*** Block opens ***
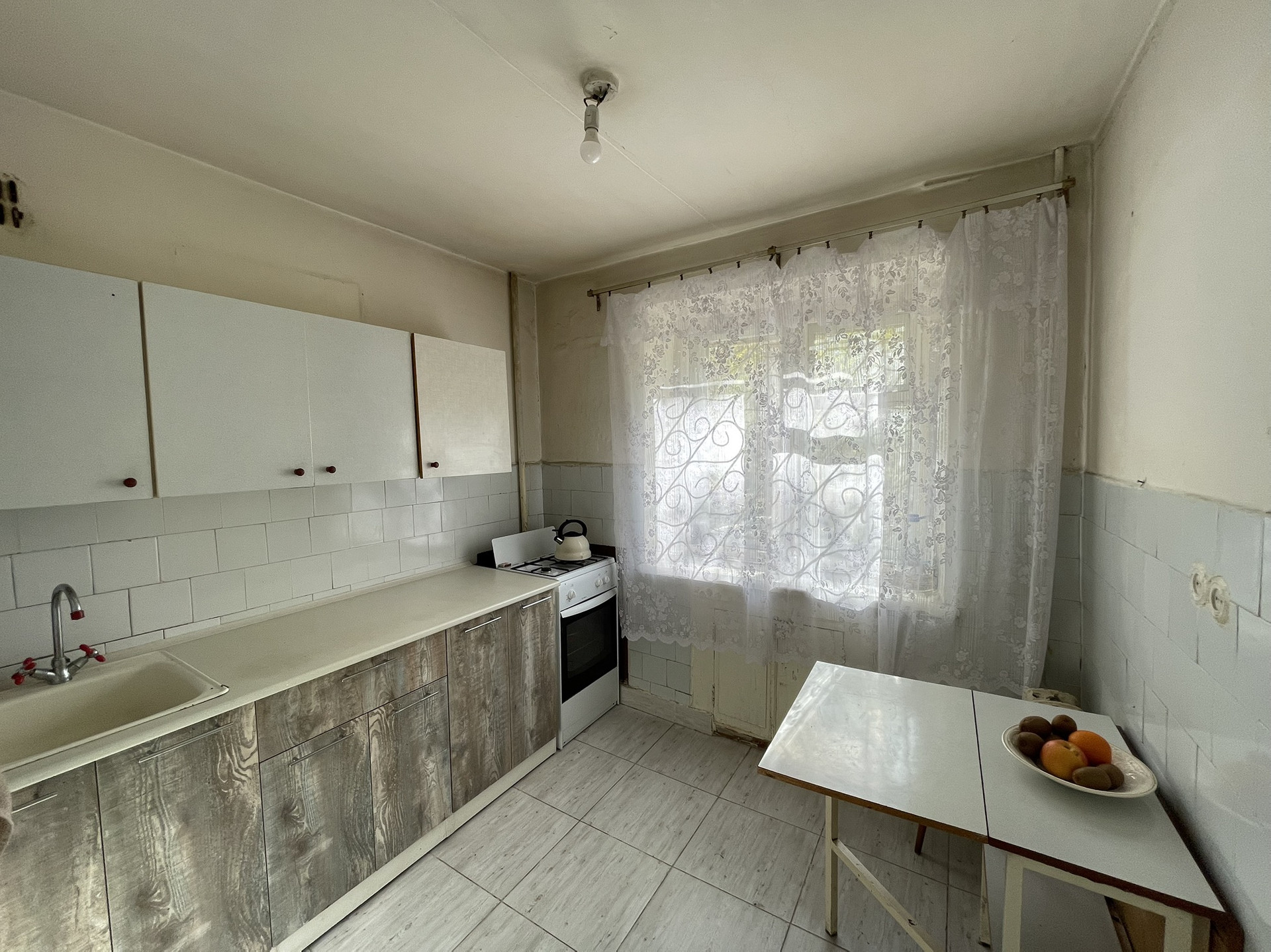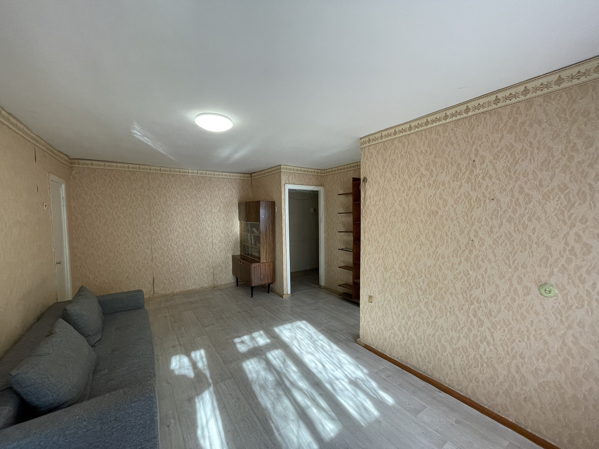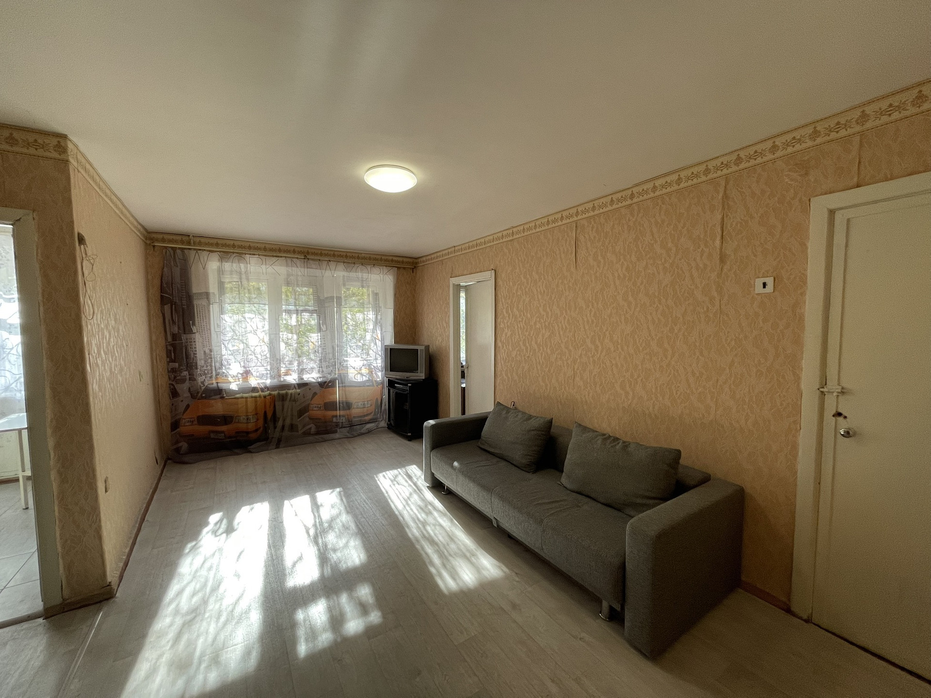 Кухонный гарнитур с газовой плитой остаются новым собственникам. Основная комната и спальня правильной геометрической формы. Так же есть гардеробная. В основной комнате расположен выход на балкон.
*** Block closes ***
*** Block opens ***
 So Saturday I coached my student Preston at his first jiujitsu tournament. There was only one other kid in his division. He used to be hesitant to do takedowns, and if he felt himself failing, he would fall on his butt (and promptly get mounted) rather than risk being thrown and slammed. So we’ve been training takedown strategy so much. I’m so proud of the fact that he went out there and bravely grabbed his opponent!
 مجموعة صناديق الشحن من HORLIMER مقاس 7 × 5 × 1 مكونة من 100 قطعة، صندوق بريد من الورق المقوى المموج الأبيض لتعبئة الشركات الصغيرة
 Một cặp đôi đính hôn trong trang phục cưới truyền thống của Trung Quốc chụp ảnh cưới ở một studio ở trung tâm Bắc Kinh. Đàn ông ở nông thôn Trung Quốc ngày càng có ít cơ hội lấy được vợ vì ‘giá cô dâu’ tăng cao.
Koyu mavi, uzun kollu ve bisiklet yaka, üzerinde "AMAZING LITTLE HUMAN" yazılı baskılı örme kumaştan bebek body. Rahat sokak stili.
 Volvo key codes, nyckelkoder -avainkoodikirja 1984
*** Block closes ***
What you should do => Out of the material above, output word for word the line with "مجموعة صناديق الشحن", the line with "Volvo key codes, nyckelkoder", and all lines between them, with nothing else.

Answer to the problem =>
 مجموعة صناديق الشحن من HORLIMER مقاس 7 × 5 × 1 مكونة من 100 قطعة، صندوق بريد من الورق المقوى المموج الأبيض لتعبئة الشركات الصغيرة
 Một cặp đôi đính hôn trong trang phục cưới truyền thống của Trung Quốc chụp ảnh cưới ở một studio ở trung tâm Bắc Kinh. Đàn ông ở nông thôn Trung Quốc ngày càng có ít cơ hội lấy được vợ vì ‘giá cô dâu’ tăng cao.
Koyu mavi, uzun kollu ve bisiklet yaka, üzerinde "AMAZING LITTLE HUMAN" yazılı baskılı örme kumaştan bebek body. Rahat sokak stili.
 Volvo key codes, nyckelkoder -avainkoodikirja 1984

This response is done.